Comparing yeast ATPase catalytic subunit with yeast HO endonuclease.
This is similar to the analysis we did using pairwise blast. However in this case, we plot all pairwise comparisons between windows, i.e. we do not need to worry about E value cutoffs and low complexity filters.

Go to the applet and input the sequences:

Sce_VMA.fa (the vacuolar ATPase catalytic subunit from yeast),

SceHO.fa (the mating type switching HO endonuclease from yeast),

vma1Neurospora.fa (the vacuolar ATPase catalytic subunit from Neurospora crassa) and

Sce_intein.fa.

Careful , once you leave the webpage, the back arrow will only return you to the applet, but you have to input the sequences again (so make sure that your applet is in a separate browser window).
Also, when you input sequences make sure you paste the sequence only , without a sequence description line. Give the sequences a name that allows you to recognize which sequence is which (e.g. Yeast_vma1, YeastHO, Neurospora_vma1, Yeast_intein)

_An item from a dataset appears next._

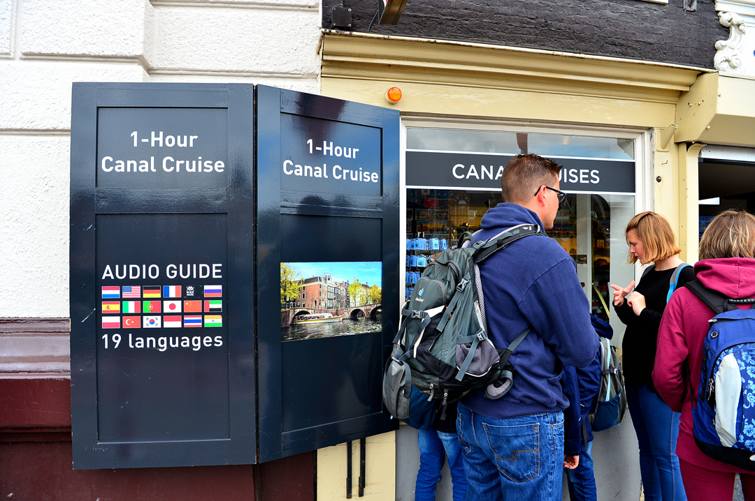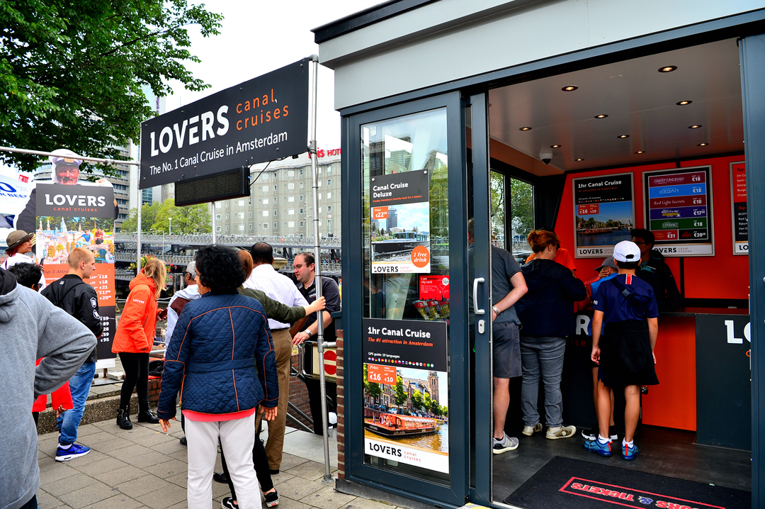 1시간 동안에 돌아보는 운하 크루즈 앞에 길게 줄이 이어져 있다.
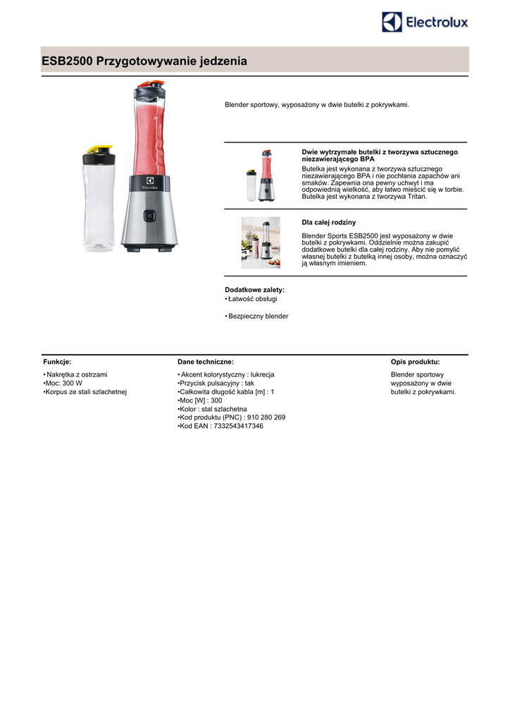 ESB2500 Przygotowywanie jedzenia Blender sportowy, wyposażony w dwie butelki z pokrywkami. Dwie wytrzymałe butelki z tworzywa sztucznego niezawierającego BPA Butelka jest wykonana z tworzywa sztucznego niezawierającego BPA i nie pochłania zapachów ani smaków. Zapewnia ona pewny uchwyt i ma odpowiednią wielkość, aby łatwo mieścić się w torbie. Butelka jest wykonana z tworzywa Tritan. Dla całej rodziny Blender Sports ESB2500 jest wyposażony w dwie butelki z pokrywkami. Oddzielnie można zakupić dodatkowe butelki dla całej rodziny. Aby nie pomylić własnej butelki z butelką innej osoby, można oznaczyć ją własnym imieniem. Dodatkowe zalety: • Łatwość obsługi • Bezpieczny blender Funkcje: Dane techniczne: Opis produktu: • Nakrętka z ostrzami •Moc: 300 W •Korpus ze stali szlachetnej • Akcent kolorystyczny : lukrecja •Przycisk pulsacyjny : tak •Całkowita długość kabla [m] : 1 •Moc [W] : 300 •Kolor : stal szlachetna •Kod produktu (PNC) : 910 280 269 •Kod EAN : 7332543417346 Blender sportowy wyposażony w dwie butelki z pokrywkami.

Select Neurospora A-subunit (vma1Neurospora.fa) and the yeast subunit with intein (Sce_VMA.fa). Select a window size between 9 and 15 and click "compute". The program will compare every window of the chosen size in one sequence to all the possible windows in the other sequence. On the right you see a histogram that describes how often window pairs with the indicated score occurred. The sliding bars below and above the histogram let you select the colors with which matches are depicted. (I like black for matches, white for mismatches better than the default).
Note: the sequences may be longer than fit into the display window. Either you can use the levers on top and at the left side to move the display window down and/or to the right, or you can select a compression using the pull-down menu labeled as 1:1 (1:3 or 1:4 usually work)

If you click on the dot plot panel, the alignment window at the bottom aligns the two sequences accordingly. You can fine-tune the alignment using the arrows.

Which sequence positions (from ... to....) in the yeast sequence represent the intein?
If you compare the HO endonuclease (sex change enzyme) (SceHO.fa) to the intein (Sce_intein.fa) (PAM250, Window of 19 and 1:2 compression works well), does the complete intein sequence match to something in the HO endonuclease, or is there a part of the sequence in the HO endonuclease that might correspond to an extein?
Comparison of nucleotide sequence with introns vs. protein sequence it codes.
Dot plots have many different applications. One of them is to analyze and visualize the intron exon structure of genes. In dotlet, if you use a nucleotide sequence for the first sequence, and a protein sequence for the second, the program will compare the translation in all three frames to the protein sequence. Load the following two sequences into dotlet:

A) The genomic sequence from Arabidopsis thaliana containing the gene encoding the vacuolar ATPase (arab.fa), the given sequence is the reverse complement of a sequence that is part of chromosome 1.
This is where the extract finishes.